Canadians unwilling to challenge income gap
‘WE LIVE IN A RACIST AND SEXIST SOCIETY,’ SACPA TOLD
Thursday was International Women’s Day but, as a Lethbridge audience heard, there’s not a lot to celebrate in Canada.
Women in our nation’s workforce are still paid significantly less than their male co-workers, they’re underrepresented in political decisionmaking — and few benefit from child-care services that are commonplace in Europe.
So Canada ranks far behind Scandinavian nations, New Zealand and even Rwanda on a variety of social indicators, participants at a Southern Alberta Council on Public Affairs forum were told.
“We live in a racist and sexist society,” explained University of Lethbridge professor Caroline Hodes — with women in visible minority groups being paid less again.
Educational levels make a difference, Hodes said, but Canadian women still earn 27 per cent less than men with similar post-secondary credentials.
And a sizeable chunk of that goes to pay for child care when they’re at work, she pointed out. A national daycare program would help reduce that income gap, she said, but despite promises there seems to be little political will to introduce one.
Canadians seem unwilling to challenge the income gap, Hodes added. Though both occupations require post-secondary training, few seem ready to ask why a plumber may make $55,000 per year while a hair stylist settles for $22,000.
Hodes, a professor in the university’s Department of Women and Gender Studies, was joined by colleague Glenda Bonifacio, also a faculty member of the U of L department.
Canada’s low ranking on issues of gender equality, Bonifacio said, reflects Canadian women’s reduced opportunities to participate in political and economic life, as well as their access to health care and education.

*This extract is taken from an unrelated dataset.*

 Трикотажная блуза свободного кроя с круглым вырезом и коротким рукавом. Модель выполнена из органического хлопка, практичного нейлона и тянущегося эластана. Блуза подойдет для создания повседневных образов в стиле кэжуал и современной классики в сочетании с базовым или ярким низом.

Canada ranked 35th on a recent survey for the World Economic Forum, which placed the U.S. in 45th spot and Japan at 111 among 145 nations.
Low-income nations like Rwanda and its neighbours in eastern Africa ranked much higher, she noted, because women have become prominent in the workforce and community leadership.

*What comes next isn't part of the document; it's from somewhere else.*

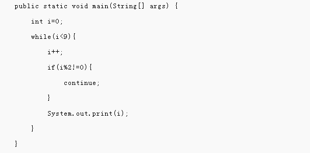 此题考查的是基于while语句的流程控制,由题意可以看出在while循环中,当i为奇数时,执行continue语句,跳过输出语句,执行下一次循环,只有当i为偶数的时候才会执行输出语句,所有最终会输出所有i为偶数的情况的值,故答案选c
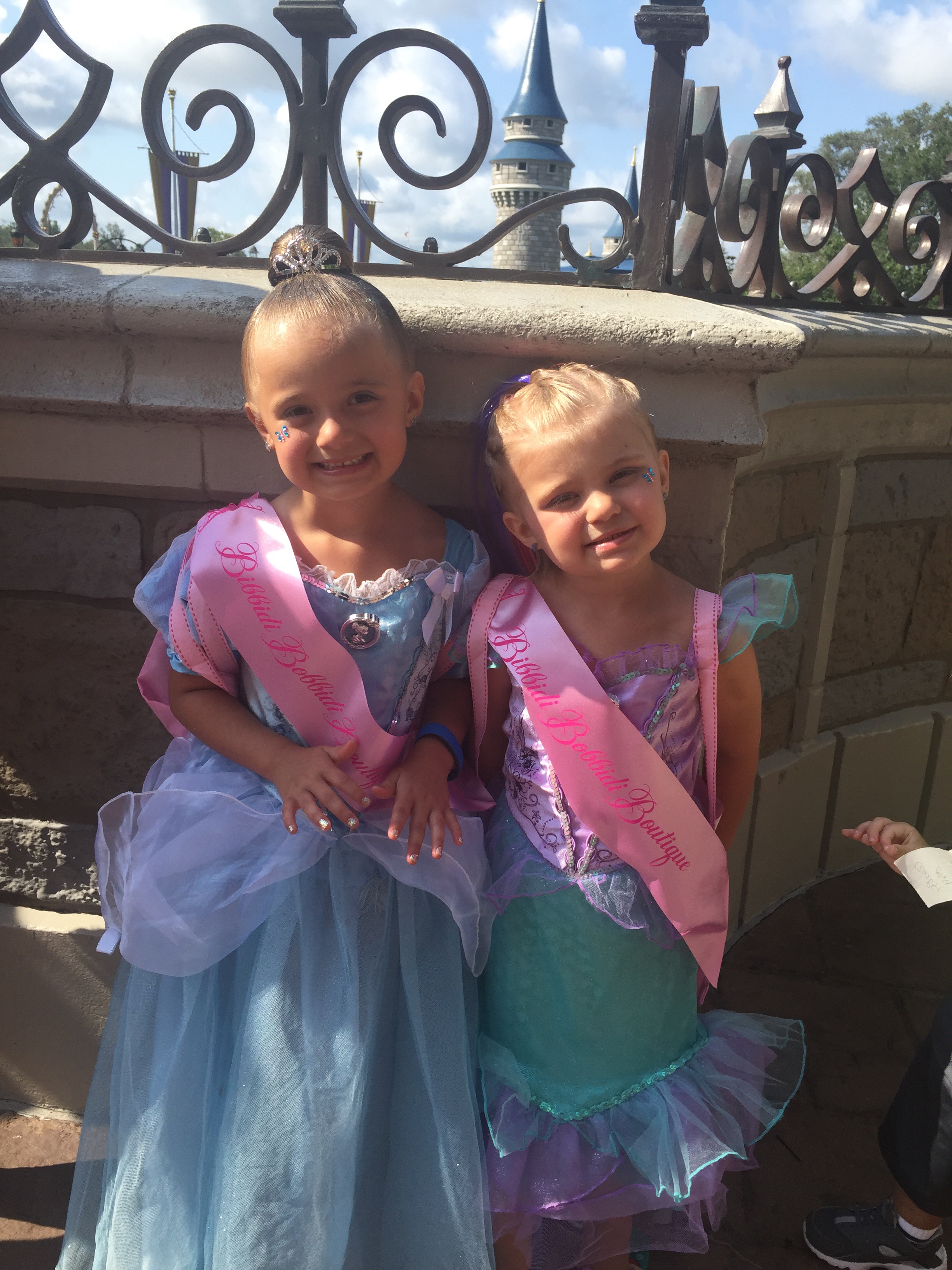 Bibbiti Bobbiti Boutique in Magic Kingdom- We were bringing a just turned 5 and an about to turn 4 year old girls to Disney World, in my opinion this is the best age to do Bibbiti Bobbiti Boutique. Granted, my almost 4 year old did not want to wear her dress because it was too itchy and hot… then she wanted it on…then she wanted it off… you know how it goes I’m sure. But, besides that, this was great. The girls chose 2 different hair styles and were able to sit side by side. We just chose the basic package (because it is pretty expensive especially when you are paying for two). In that package though they got their hair done, nails painted and make up put on by their own fairy godmothers. It was precious. They were able to keep all of the stuff they used plus they got a sash and backpack to keep it all in. I don’t think we would do this every time we go, but it was definitely a must do at least once.

“They know if they don’t do it, nobody will.”
In their positions of relative wealth, Bonifacio said Canadian women could help advance women’s equality around the world while also improving their situation here. Affirmative action could succeed as it has in Nordic nations, she pointed out.
North Americans should “decolonize” their minds, she urged, by moving away from the male-dominant structures of state and religion.
Canadians should also abandon racial stereotypes, which seem to restrict immigrants or temporary workers to specific fields of work, regardless of their education.
Bonifacio pointed to “live-in nanny” positions with Canada’s upper-income families.
“Ninety per cent of them are Filipina women.”
At the grassroots level, she said, “People in Canada can actively shape how the world will be.”
“We have the land, we have the resources, we have the ability to connect.”
And in southern Alberta, with people from so many backgrounds, it’s easy to connect with people from distant lands. “The world is in Lethbridge.”